Installed Steam on a new computer. Signed in. It sent a passcode to my GMail. I signed into GMail. It wanted me to 2FA because I hadn’t signed into Google on that device. It sent a notification to my phone, which I never received. I had it resend the notification twice, still nothing. Tried again with my phone’s offline passcodes. Neither worked. Tried the QR code/Bluetooth connection, and that finally did it.
At least I got through in the end, but fuck, it’s annoying.
I guess our tech overlords have determined that “Passkeys” are going to be the replacement and fix for this kind of multi-factor authentication hell. Should be nice once everything actually adopts and implements it well. Still need like an email-based password reset or something like that.
I really like GRC’s Secure Quick Reliable Login (SQRL). It’s basically just the open version of the prompt on your phone. Authentication requests are made for a specific domain and sent back to that domain only, so no phishing. So much more phishing resistance than has been typical, similar to passkeys. It’s as seamless as scanning any QR code with a phone, or it integrates with a browser or local password manager/daemon.
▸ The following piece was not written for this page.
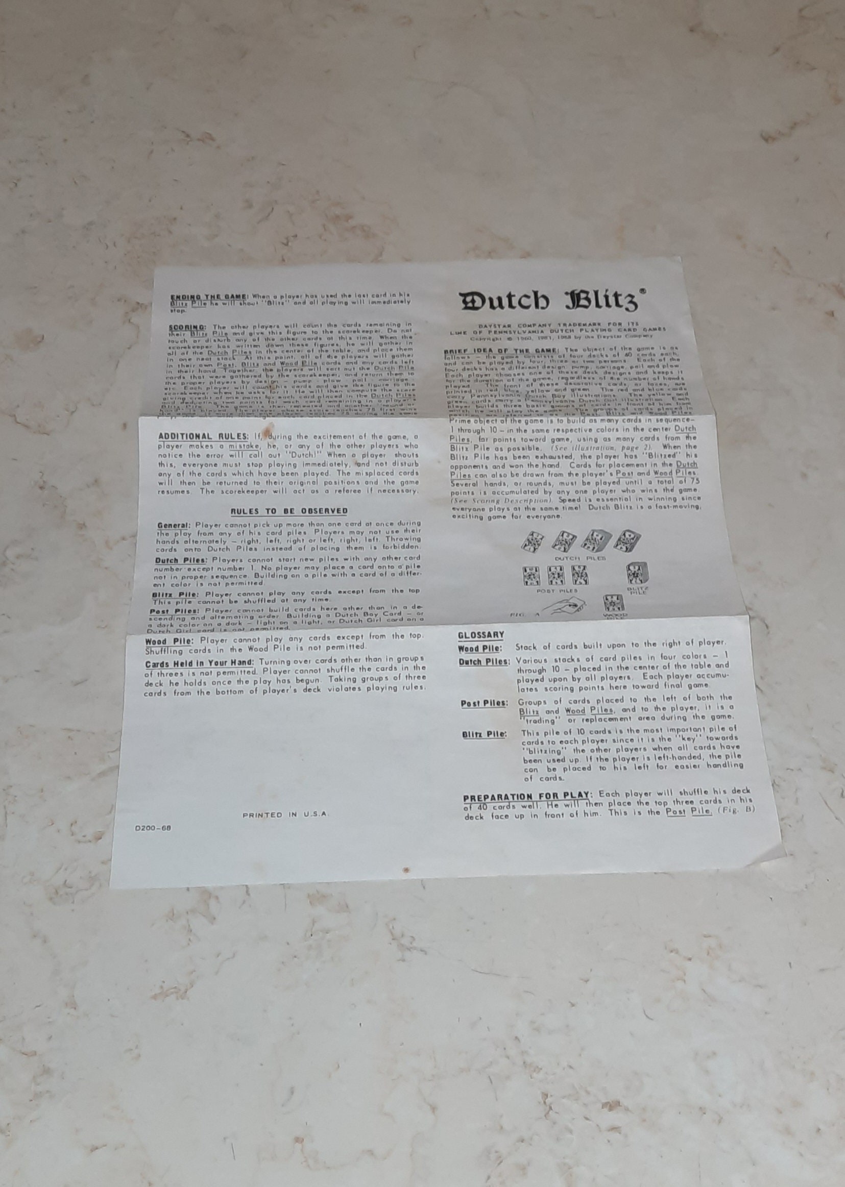 Hobbies Games Toys. Dutch Blitz Card Game family-friendly card game that will test your skills 1 x Rules. Everyone is dealt three cards.

The prompts on the phone show you the unobfuscated domain name of what generated the QR code/auth request and if it’s never been used before like a phishing site, it’ll only offer user registration (usually with one-click).
The backups of your credentials are just QR codes and can be printed on standard printer paper.
It is used internally at a midsize organization for their internal systems authentication. Way less hassle than the Microsoft authenticator, no added hardware like a passkey.
Passkeys aren’t added hardware. They’re just private keys.